Je baisse les yeux sur le sol sableux du parc, plein de remords.
— C'était la dernière fois que je la voyais, je serre les poings. Me dire qu'on s'est quitté sur une embrouille, ça me bouffe encore.
Alors que je ferme les yeux, revoyant le regard déçu et trahi de mes parents, Margot me surprend en posant doucement sa main sur ma joue d'un geste tendre. Je sens mon cœur bondir dans ma poitrine, surpris par ce comportement qui vient m'apaiser instantanément.
Son contact est doux et réconfortant, comme un chocolat chaud après une journée froide d'hiver.
Je suis pris au dépourvu par cette démonstration d'affection, ne m'attendant pas à ce qu'elle franchisse cette barrière physique entre nous.
Un sourire chaleureux éclaire son visage alors qu'elle me regarde, les larmes dévalant ses joues, reflétant une compassion profonde.
— Malheureusement, personne ne peut prévoir un accident de voiture... si c'était le cas, personne n'en n'aurait, et personne n'en mourrait, finit-elle plus bas.

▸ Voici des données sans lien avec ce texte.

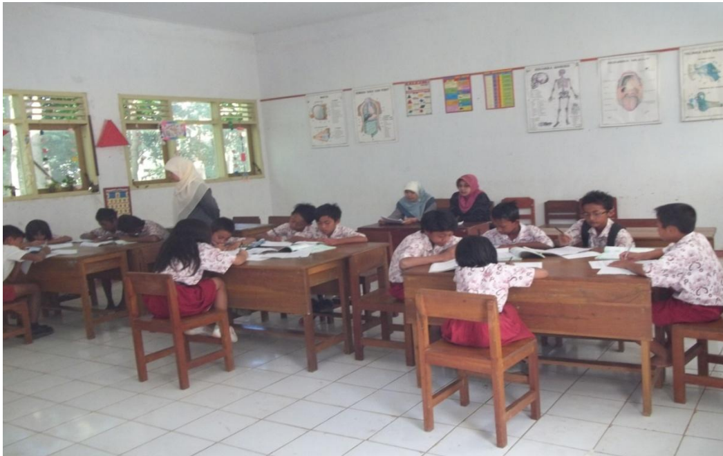
Gambar 3. Kegiatan guru membimbing siswa dalam menulis surat pribadi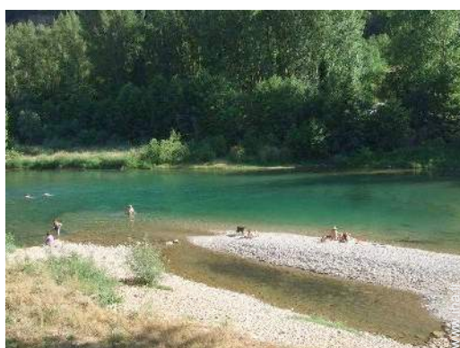
vue sur rivière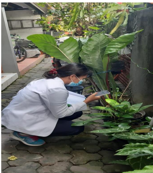
Pemeriksaan jentik pada pot tanaman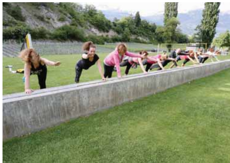
Le lac de Géronde et l'un des sites très souvent choisis pour un arrêt exercices.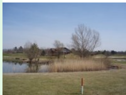
Loch 9 (Par 4, 345m) mit Teich

Die Driving Range liegt etwas weg vom Schuss - man überquert zuerst die Zufahrtsstraße und dann einen Waldstreifen. Nach ca. 3 Minuten hat man aber sein Ziel erreicht. Nach dem Aufwärmen geht's wieder zurück, Tee 1 befindet sich gleich neben dem Clubhaus.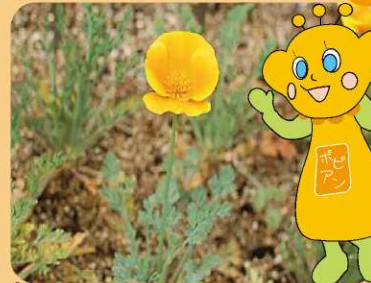
⑪カリフォルニアポピー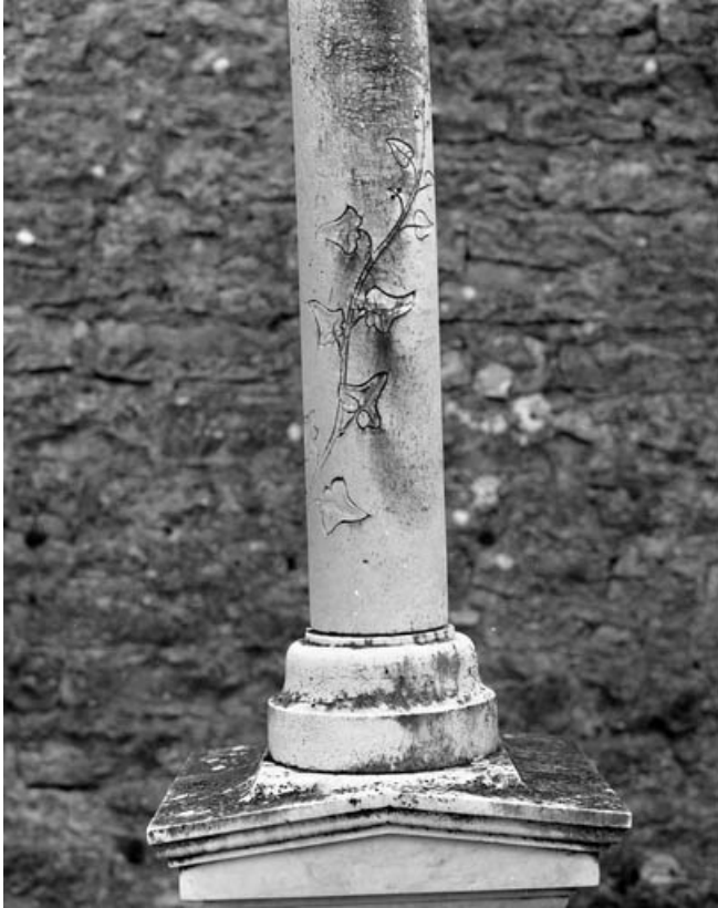
Détail de la base de la colonne brisée.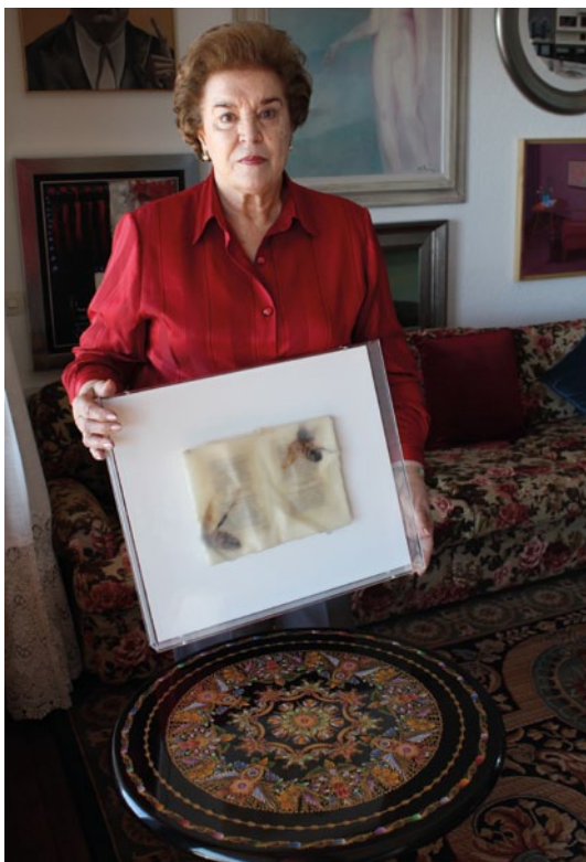
La coleccionista en un salón de su casa con un cuadro de José María Sicilia. Dibujo cera, 20x254 cms.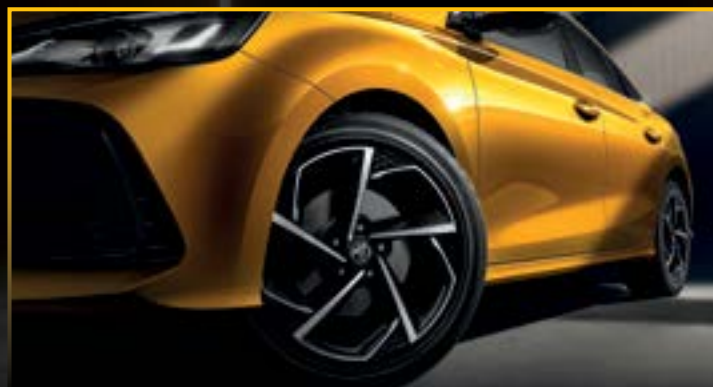
MÂM XE HỢP KIM 17" VỚI 2 TÔNG MÀU THIẾT KẾ MÔ PHỎNG LƯỚI RIU TOMAHAWK*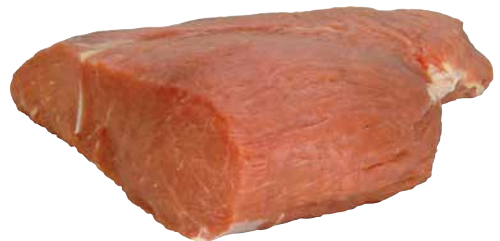
Kalb rosé Steakhüfte frisch aus Österreich 1 Stk. = ca. 1,4 kg, 3372588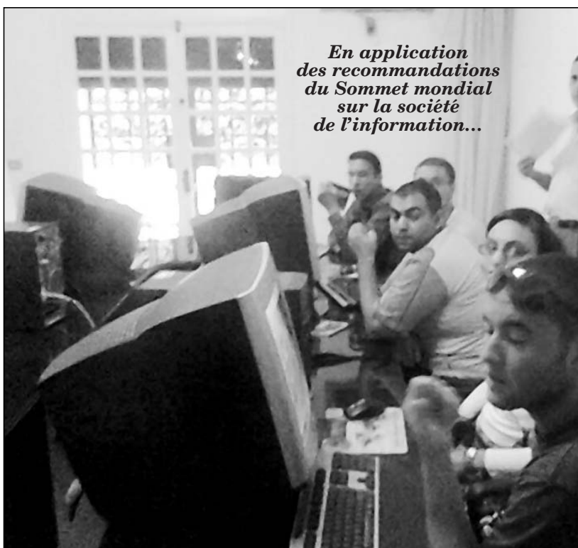
En application des recommandations du Sommet mondial sur la société de l'information...

D'autre part, l'organisation de la Jeunesse scolaire offre l'occasion aux élèves pour visiter les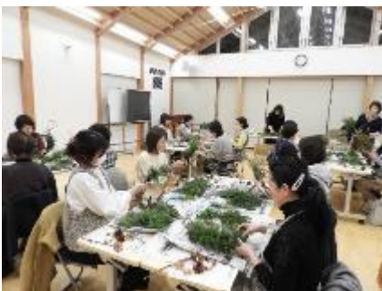
クリスマスリース作り (レディース講座)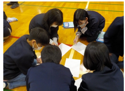
▲コミュニケーション授業（6年生）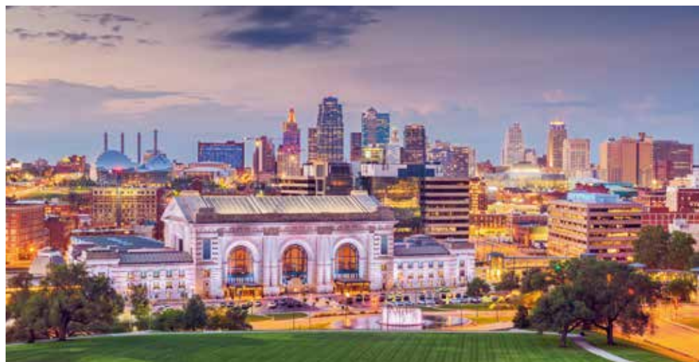
Union Station en de skyline bij avond, gezien vanaf het Liberty Memorial

rijkste zakenmannen John D. Rockefeller waren hier graag geziene gasten. Met de ligging tussen het Power & Light District en de River Market, is er in de directe omgeving van het hotel al veel te zien en te doen.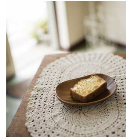
アルミの入っていないベーキングパウダーやフランス産の塩、季節のお野菜を使ったフランスの塩ケーキ「ケーキサレ」。ワインのお供にしています。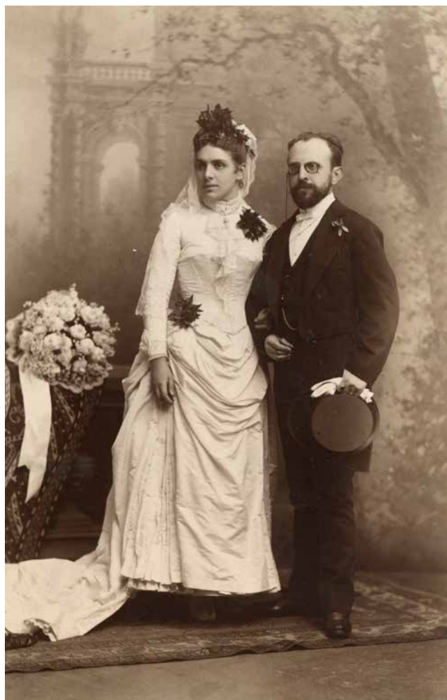
Obr. 10. Svatební foto novomanželů Bráfových, 13. 2. 1888, Praha (Národní muzeum, H2-192983).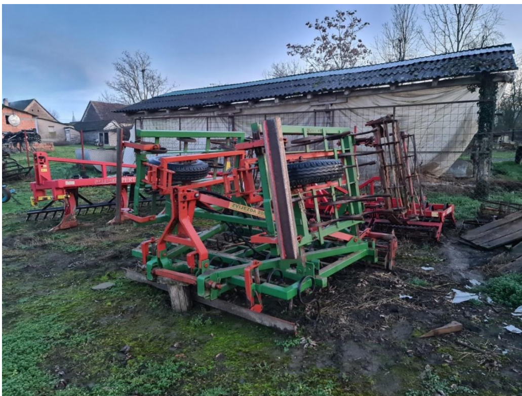
Slika 9. Sjetvospremal Zvijezda Našice

Prema Emert i sur. (1995.) u tablici 12. utvrđeno je da se sve mjere servisno-preventivnog održavanja sjetvospremača (slika 9.) provode na gospodarstvu.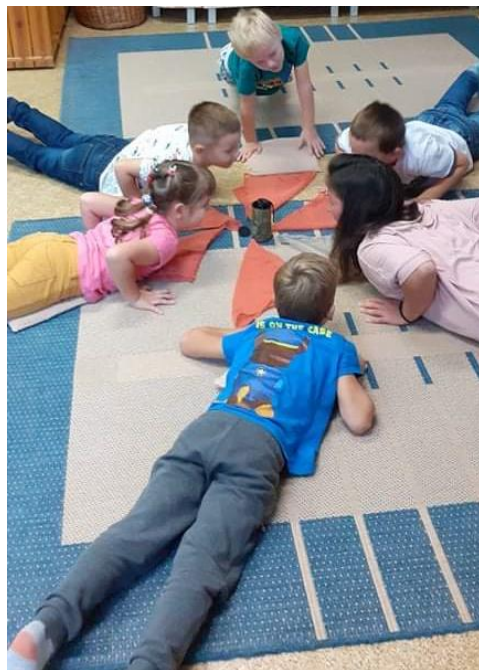
A Mihály napi vásárban bemutattuk jógás tornánkat és kendős táncunkat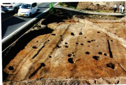
1次調査区 SB2036-SB2037 完掘状況(東より)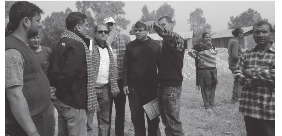
परियोजना स्थलको अवलोकन गर्दै Borouge टिम र बाल विकास समाजका प्रतिनिधीहरू

दार्ति सोसाइटी नेपाल नयाँ बानेश्वरमा इटालियन, अंग्रेजी र जर्मन भाषा सिक्की आत्मनिर्भर बनों । फोन : ९८५१०२३६००, ४४४९८९२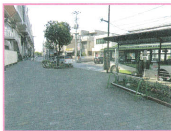
東口左側階段を下りた風景です。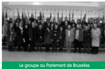
Le groupe au Parlement de Bruxelles

Les 53 participants de l'AFLEC sont revenus de Bruxelles avec plein de nouvelles connaissances concernant l'Europe : découverte du Parlement, échanges avec les députés et les fonctionnaires et visite des Institutions européennes à Bruxelles. Un programme complet préparé avec le Président de la Maison de l'Europe à Laval.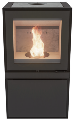
Max B Pellet Naturel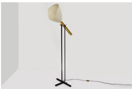
Lampe sur pied "Televisione" Designer: Angelo Lelli Année de création: 1954 Éditeur: Arredoluce

Chez CH Design Furniture, Cheyres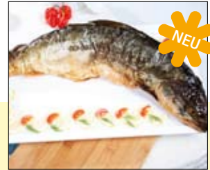
03.036 Ganzer Lachs geräuchert

Lachsstremel aus der Mitte des Filets geschnitten – mit Stroh zu einem Päckchen gebunden und heißgeräuchert – lecker! ca. 16 Stück 1,0 kg 29,10 € p. kg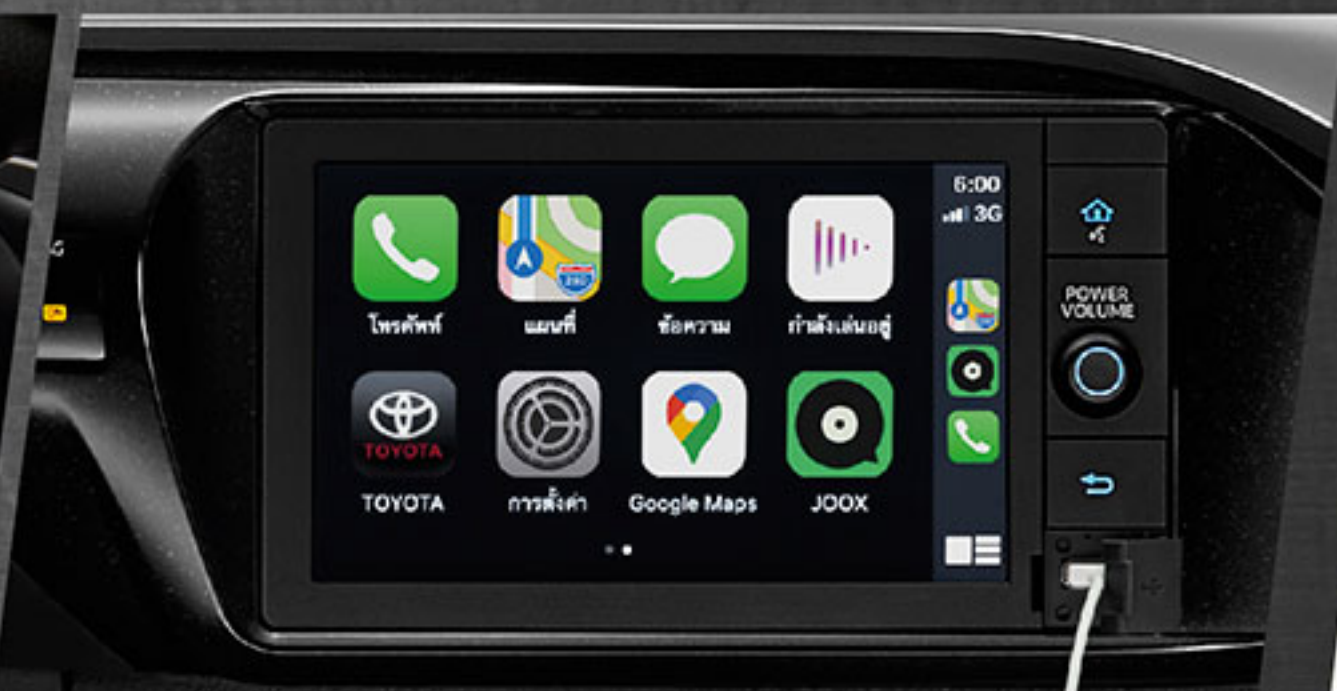
ใหม่ เครื่องเสียง รองรับ Apple CarPlay สะดวกสบายรองรับทุกความบันเทิง

Elle s'excuse tout bas, sortant un mouchoir de sa poche pour s'essuyer les yeux, et alors qu'elle se tourne de nouveau vers moi, une goutte d'eau tombe sur le bout de son nez. Puis une autre, et encore une autre. À croire que le temps est en accord avec nos émotions.
— Je crois qu'il va être l'heure de rentrer, j'annonce, déçu.
Elle rit face à ma mine déconfite, tout en récupérant sa fille qu'elle installe rapidement en poussette.
— On aura d'autres occasions de discuter, répond-elle tout sourire. Et cette fois, sans pleurer j'espère !
— Il n'y a pas de raison, voyons.
Nous faisons le chemin jusqu'à la sortie du parc ensemble, puis une fois à l'extérieur, nous souhaitons une bonne fin de journée.
Lorsque je la contemple, partir au loin, une petite idée émerge dans ma tête.
Il se pourrait bien que nous nous revoyions plus tôt que prévu.
*****
Samuel a enfin fait la rencontre de Victoire et tout s'est très bien passé !
Margot commence à se sentir mieux, moins triste, moins déprimée. Elle avance doucement mais sûrement. C'est tout ce qu'on lui souhaite !
C'est important d'être entouré des bonnes personnes quand tout va mal. Heureusement pour elle, elle n'a jamais été seule.